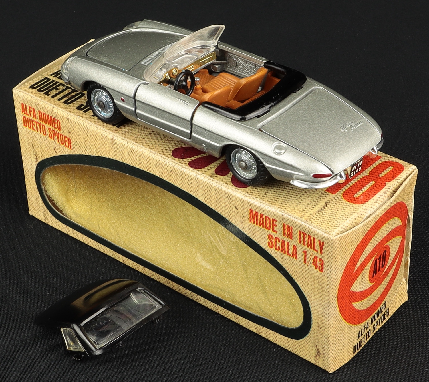 Alfa Romeo Duetto by Mebetoys Models, No. A18. Scarce SILVER version with hard & soft tops. Very, very near mint/boxed, with packing foam. From The Berlin Collection.
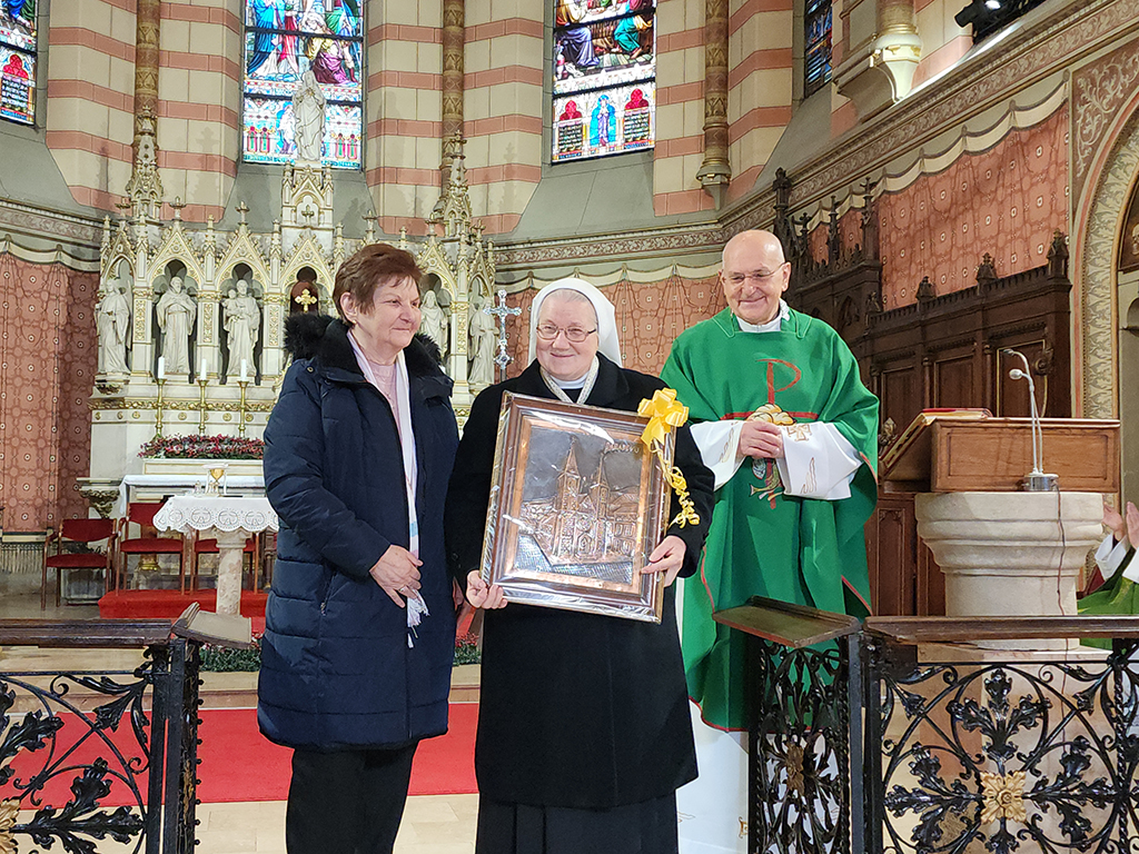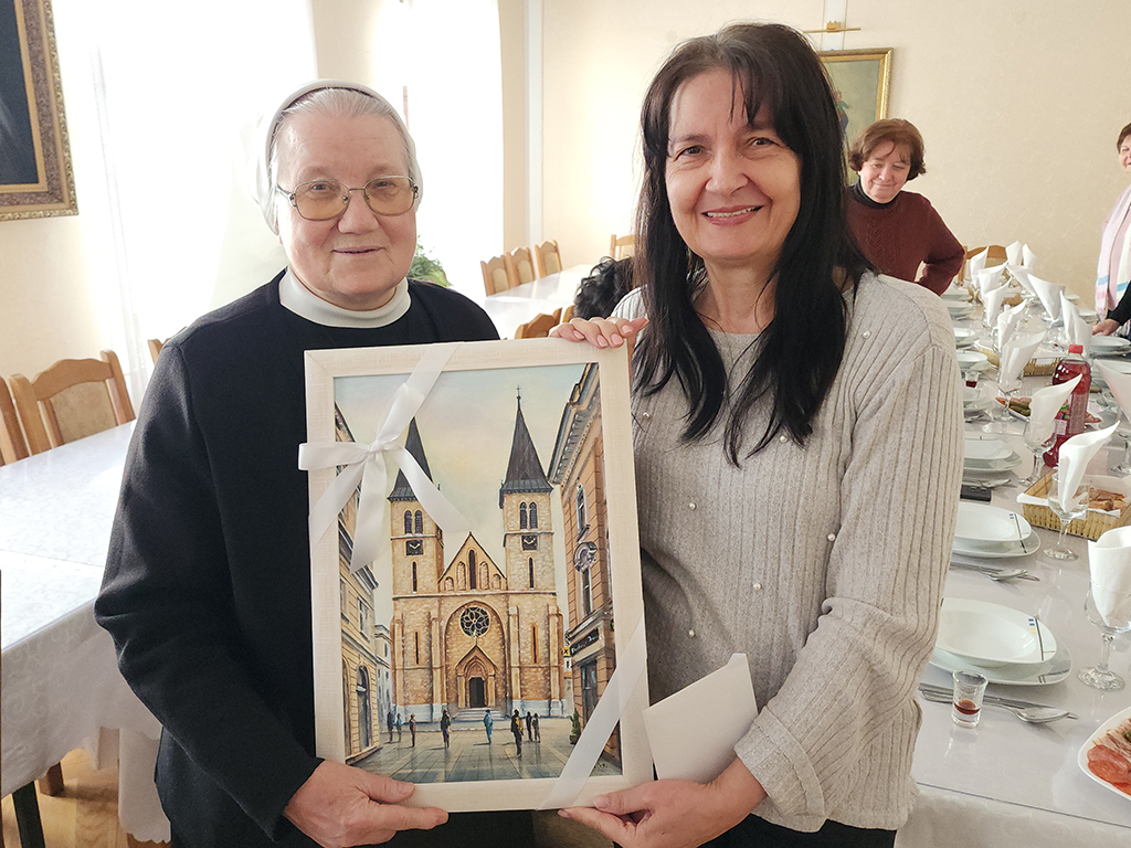 Dugogodišnja članica katedralnog župnog zbora Tonka Bošnjak predala je sestri Petronili bakrorez katedrale Presvetog Srca Isusova kao zahvalu i sjećanje na njezino osmogodišnje djelovanje u sarajevskoj prvostolnici. Druženje je nastavljeno u prostorijama župne kuće.
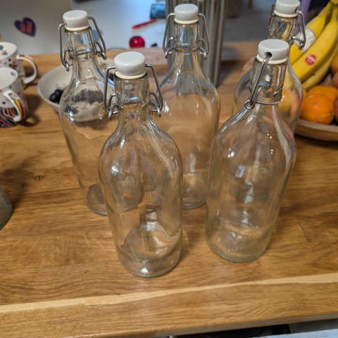 23 ikean patenttikorkkipulloa, pidetty hyvänä, pesty käytön jälkeen ja säilytetty sanomalehtikääreessä. Jos ostat vain yhden tai kaksi niin hinta saattaa olla korkeampi esim 2€ kpl koska vaiva tehdä muutaman euron kauppaa (silti halvempi kuin ikeassa) hinnat neuvoteltavissa, jos ostat enemmän voin hieman laskea hintaa.
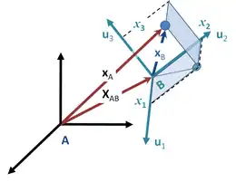 As an aside, the unit vectors { uj } cannot change magnitude, so derivatives of these vectors express only rotation of the coordinate system B. On the other hand, vector XAB simply locates the origin of frame B relative to frame A, and so cannot include rotation of frame B.
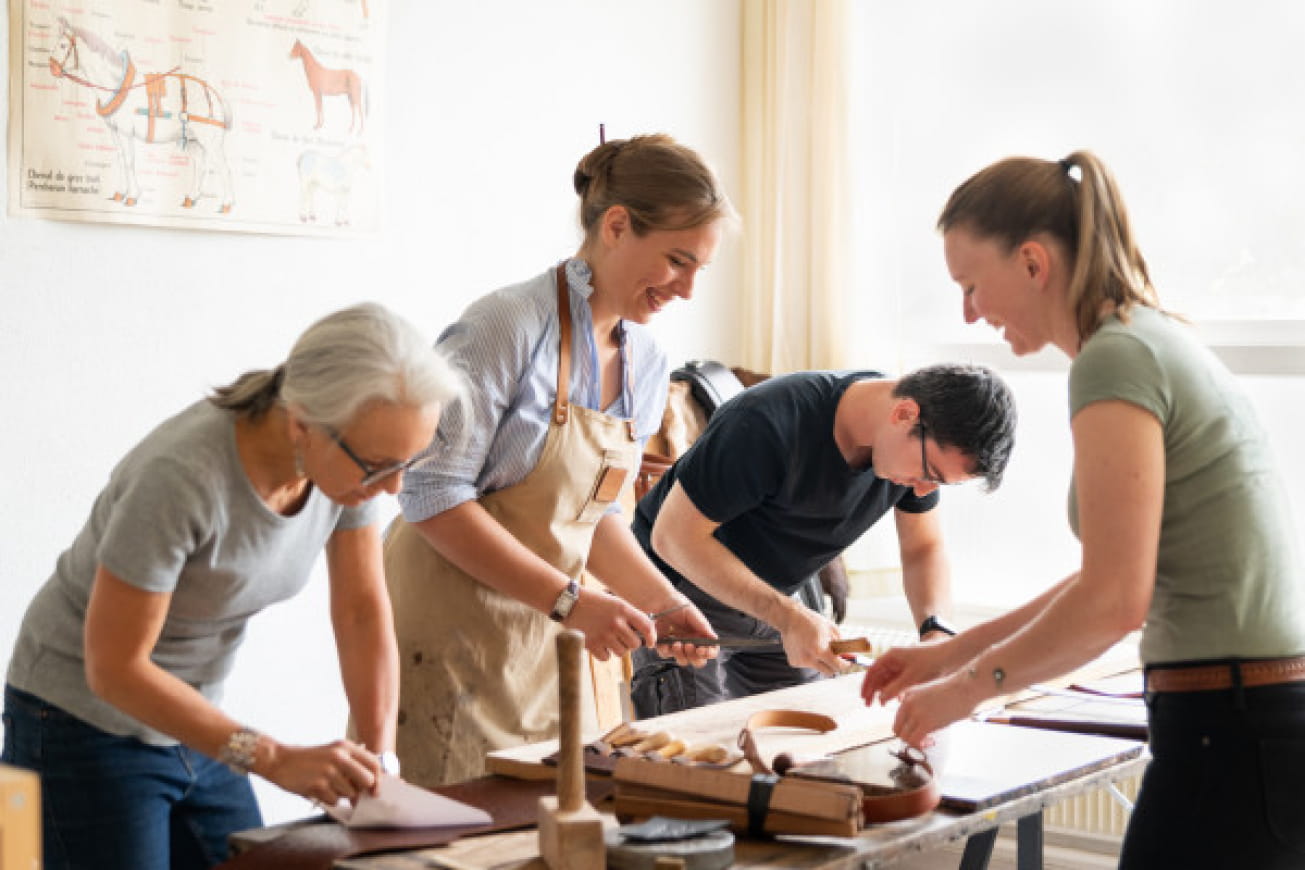 L’atelier commencera par une présentation pour faire connaissance avant de passer à la pratique. Une fois votre tablier terminé, vous pourrez présenter votre création aux autres participants lors d’une discussion détendue autour d’un café, d’un thé ou d’une limonade maison. Que vous soyez passionné du travail du cuir ou juste curieux d’en apprendre plus sur le métier, cet atelier est fait pour vous !
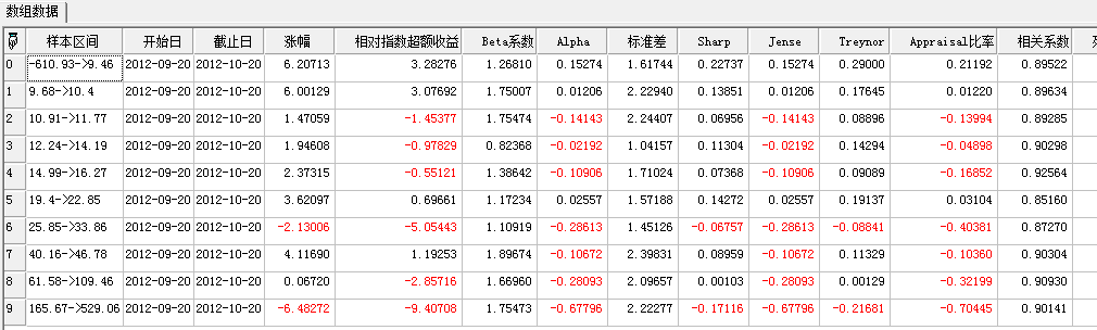 | 返回 | TableArray | 投资组合的按照某个值分割,比如按照市盈率分割成N等分,计算阶段的各个等分的表现情况(风险收益情况)。 |

(TASK INSTRUCTIONS) Verbatim transcription needed, from the opening line of the entries above through the line containing "L’atelier commencera par"; pictures do not belong in it.

(ANSWER SECTION)
 Alfa Romeo Duetto by Mebetoys Models, No. A18. Scarce SILVER version with hard & soft tops. Very, very near mint/boxed, with packing foam. From The Berlin Collection.
 Dugogodišnja članica katedralnog župnog zbora Tonka Bošnjak predala je sestri Petronili bakrorez katedrale Presvetog Srca Isusova kao zahvalu i sjećanje na njezino osmogodišnje djelovanje u sarajevskoj prvostolnici. Druženje je nastavljeno u prostorijama župne kuće.
 23 ikean patenttikorkkipulloa, pidetty hyvänä, pesty käytön jälkeen ja säilytetty sanomalehtikääreessä. Jos ostat vain yhden tai kaksi niin hinta saattaa olla korkeampi esim 2€ kpl koska vaiva tehdä muutaman euron kauppaa (silti halvempi kuin ikeassa) hinnat neuvoteltavissa, jos ostat enemmän voin hieman laskea hintaa.
 As an aside, the unit vectors { uj } cannot change magnitude, so derivatives of these vectors express only rotation of the coordinate system B. On the other hand, vector XAB simply locates the origin of frame B relative to frame A, and so cannot include rotation of frame B.
 L’atelier commencera par une présentation pour faire connaissance avant de passer à la pratique. Une fois votre tablier terminé, vous pourrez présenter votre création aux autres participants lors d’une discussion détendue autour d’un café, d’un thé ou d’une limonade maison. Que vous soyez passionné du travail du cuir ou juste curieux d’en apprendre plus sur le métier, cet atelier est fait pour vous !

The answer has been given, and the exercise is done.